Affinity is the numerical measure of the similarity between items in a data set. In this case, the higher the affinity value, the higher the probability that two products are similar and will be bought together.
Calculated as:
A(i,j) = supp(i,j)/supp(i)+supp(j)−supp(i,j)
a = affinity(trans.sel)
round(a, digits=3)
## An object of class "ar_similarity"
## aluminum foil coffee/tea individual meals ketchup mixes
## aluminum foil 0.000 0.528 0.667 0.571 0.611
## coffee/tea 0.528 0.000 0.543 0.500 0.541
## individual meals 0.667 0.543 0.000 0.543 0.629
## ketchup 0.571 0.500 0.543 0.000 0.500
## mixes 0.611 0.541 0.629 0.500 0.000
## soda 0.765 0.639 0.639 0.595 0.722
## spaghetti sauce 0.514 0.571 0.486 0.571 0.611
## vegetables 0.676 0.605 0.694 0.649 0.730
## waffles 0.514 0.618 0.618 0.618 0.657
## soda spaghetti sauce vegetables waffles
## aluminum foil 0.765 0.514 0.676 0.514
## coffee/tea 0.639 0.571 0.605 0.618
## individual meals 0.639 0.486 0.694 0.618
## ketchup 0.595 0.571 0.649 0.618
## mixes 0.722 0.611 0.730 0.657
## soda 0.000 0.622 0.737 0.622
## spaghetti sauce 0.622 0.000 0.676 0.600
## vegetables 0.737 0.676 0.000 0.676
## waffles 0.622 0.600 0.676 0.000
## Slot "method":
## [1] "Affinity"
Only taking into account the affinity levels that are > 0.7, we observe that the following pairs of items have high probability of being purchased together:
Aluminum foil & Soda; Mixes & Soda Mixes & Vegetables Vegetables & Soda
par(mar=c(4,8,4,4))
image(a, axes=FALSE)
axis(1,at=seq(0,1,l=ncol(a)),labels=rownames(a),cex.axis=0.5)
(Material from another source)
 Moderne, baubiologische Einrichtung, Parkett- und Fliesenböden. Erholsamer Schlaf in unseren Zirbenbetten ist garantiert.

axis(2,at=seq(0,1,l=ncol(a)),labels=rownames(a),cex.axis=0.6, las=2)
Affinity measure results can be plotted in terms of matrix. The darker the shade of the combination the higher its affinity value, hence the higher the probability that the two items will be bought together. Likewise, the lighter the color shade of the combination the lower the affinity value.
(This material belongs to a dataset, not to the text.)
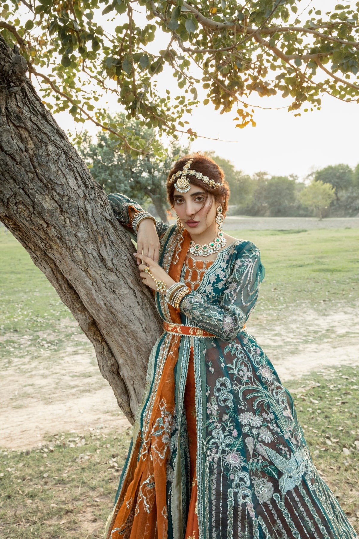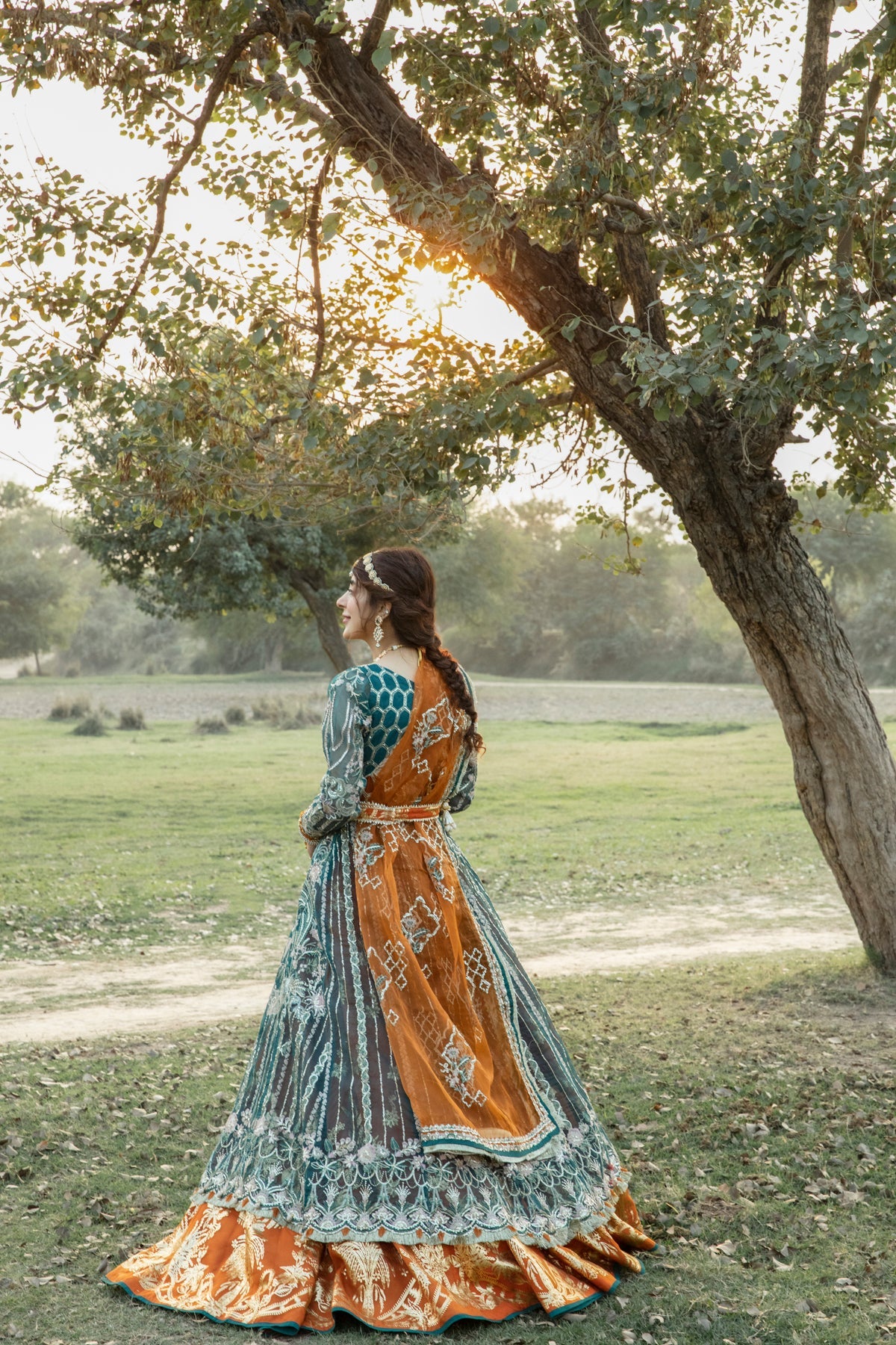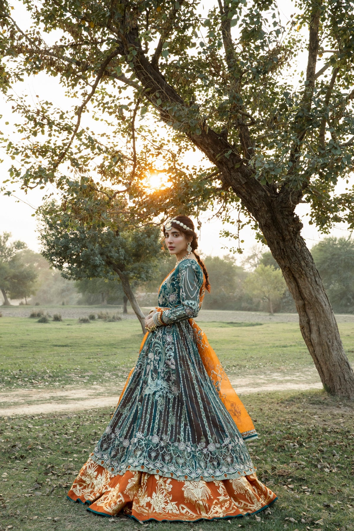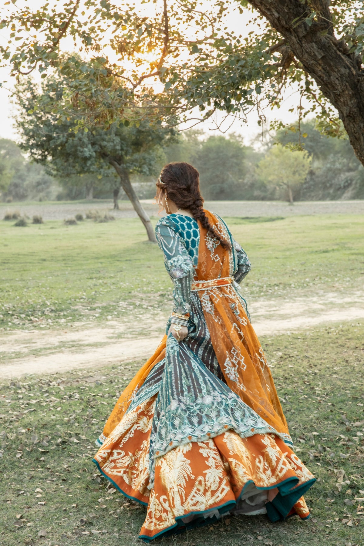 Mehrma features a composed story that is rendered in teal green organza with beige and pink resham threads along with gold tilla and sequins. The gown has seven different design panels that depict a story when joined together. The lehnga is the signature piece with foil-printed organza and a raw silk inner. The duppata is with traditional motif spray and border.

Association rule mining can explore in detail all the frequent and common purchases or customer patterns that will help retailers restrategize and potentially increase customer satisfaction, sales and profits. For instance, Aluminum foil and soda have a high probability of being purchased together, hence retailers can consider placing them next to each other on shelves or combining them to form a bundle for promotions in their catalogs etc. This simple solution as a result of performing association rules can instantly improve customer’s shopping experience and thensome.